Overview
The goal of this clinical trial is to learn about, test, and compare JCXH-221 in healthy volunteers. The main aims to answer are:
- To assess the safety and tolerability of the JCXH-221 vaccine in healthy adult subjects
- To identify an optimal dose for the JCXH-221 vaccine in healthy adult subjects
- To assess the humoral immunogenicity of the JCXH-221 vaccine in healthy adult subjects
- To characterize the cellular immunogenicity of the JCXH-221 vaccine in healthy adult subjects
Participants for Phase I will be randomized to either JCXH-221 or placebo. In Phase 2, participants will be randomized to either JCXH-221 or a FDA approved Active comparator.
Description
This is a phase 1/2 study looking to enroll a total of 262 patients.
For phase 1, two cohorts will be explored (18-64 age group and 65+ age group) for a total of 72 subjects. The subjects will be enrolled and randomized to either placebo or JCXH-221. A low dose of JCXH-221 will be explored vs placebo for each age group first. A high dose for those 2 cohorts will be explored once all safety data is reviewed.
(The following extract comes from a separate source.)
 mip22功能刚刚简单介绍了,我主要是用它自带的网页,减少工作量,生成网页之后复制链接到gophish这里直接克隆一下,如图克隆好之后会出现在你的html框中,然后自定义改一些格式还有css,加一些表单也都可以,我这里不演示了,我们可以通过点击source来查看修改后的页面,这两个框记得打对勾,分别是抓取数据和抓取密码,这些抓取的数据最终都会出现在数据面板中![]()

Once all of Phase 1 data has been reviewed, Phase 2 enrollment will open. In this portion of the trial, subjects will be enrolled and randomized to either JCXH-221 or a FDA approved Active comparator (Pfizer, Moderna, etc.). A total of 190 patients will be enrolled.
Eligibility
Main Inclusion Criteria
- Sex: Male or female; female subjects may be of childbearing potential, of nonchildbearing potential, or postmenopausal.
- Age: 18 years of age or older, at screening.
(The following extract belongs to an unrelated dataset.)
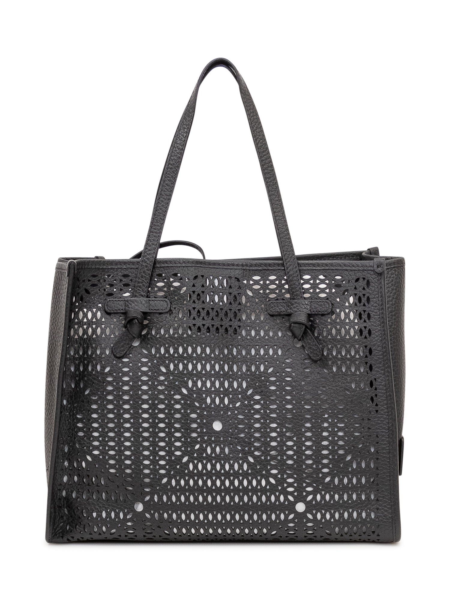 Tote bag with spacious structure, perforated design and double handles, functional and roomy with knotted details

- Status: Healthy subjects.
- Subjects must have completed the full doses for primary vaccination with an approved SARS-CoV-2 vaccine and may have received booster dose(s), with the last vaccination (can be 2nd dose of primary vaccination or booster dose) having occurred at least 4 months prior to enrollment.
Main Exclusion Criteria
- Current or prior symptomatic or asymptomatic SARS-CoV-2 infection confirmed by an approved or authorized rapid antigen test on Day 1 or within 4 months prior to Day 1.
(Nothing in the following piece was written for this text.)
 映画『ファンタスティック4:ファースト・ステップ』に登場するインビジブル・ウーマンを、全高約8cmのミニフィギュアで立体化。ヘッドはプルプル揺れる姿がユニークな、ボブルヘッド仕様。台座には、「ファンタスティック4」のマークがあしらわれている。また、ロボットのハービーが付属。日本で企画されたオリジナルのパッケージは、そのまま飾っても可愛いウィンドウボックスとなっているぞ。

- Subjects with significant exposure (as defined by current CDC guidance) to someone with laboratory confirmed SARS-CoV-2 infection or COVID-19 with the past 14 days prior to the Screening visit.
- Subjects with fever or signs of acute infection at the time of enrollment and vaccination.
- Subjects who are taking medications that may prevent or treat COVID-19.
- Subjects who received convalescent serum or prior therapeutic antibodies against SARS-CoV-2 within 4 months before Day 1.
- Subjects with history of myocarditis or pericarditis, or with AEs after mRNA vaccination that are in nature and severity beyond the common AEs expected and necessitating medical intervention.
- Subjects with active or suspected immunosuppression, immunodeficiency, or autoimmune disease.